Frequently asked questions
- What is a cash-secured put on EQ?
- A cash-secured put on EQ is the cash-secured put strategy applied to EQ (stock). The strategy is structurally neutral to slightly bullish: A cash-secured put sells an out-of-the-money put while holding cash equal to the strike-times-100 obligation, keeping the premium when the underlying stays above the strike. With EQ stock trading near $3.15, the strikes shown on this page are snapped to the nearest listed EQ chain strike and the premiums come straight from the end-of-day bid/ask midpoint.
- How are EQ cash-secured put max profit and max loss calculated?
- Max profit equals premium times 100; max loss equals strike minus premium times 100 (at zero, assuming assignment). Breakeven is strike minus premium. For the EQ cash-secured put priced from the end-of-day chain at a 30-day expiry (ATM IV 138.90%), the computed maximum profit is unbounded per contract and the computed maximum loss is unbounded per contract. Live intraday quotes will differ as the chain moves through the trading session.
- What is the breakeven for a EQ cash-secured put?
- The breakeven for the EQ cash-secured put priced on this page is no defined breakeven on the modeled curve at expiration, derived from end-of-day chain premiums. Breakeven is the underlying price at which the strategy's P&L crosses zero ignoring transaction costs and assignment risk. The current EQ market-implied 1-standard-deviation expected move is approximately 39.82%; if the move sits well outside the breakeven distance, the structure's risk-reward becomes correspondingly tighter.

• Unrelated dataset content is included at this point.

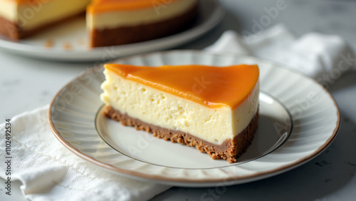 A simple and elegant slice of creamy cheesecake with a smooth, golden glaze on top. The dessert sits on a crisp biscuit base and is served on a white plate placed on a white napkin.

- When should you consider a cash-secured put on EQ?
- Cash-secured puts on EQ earn premium while a trader waits to acquire EQ stock at a target strike below the current quote; most attractive when IV is rich and the trader is comfortable owning EQ.
- How does current EQ implied volatility affect this cash-secured put?
- EQ ATM IV is at 138.90% with IV rank near 24.41%, which is on the low end of its 1-year range. Premium-buying structures (long call, long put, debit spreads) are relatively cheap in this regime; premium-selling structures collect less credit per unit risk.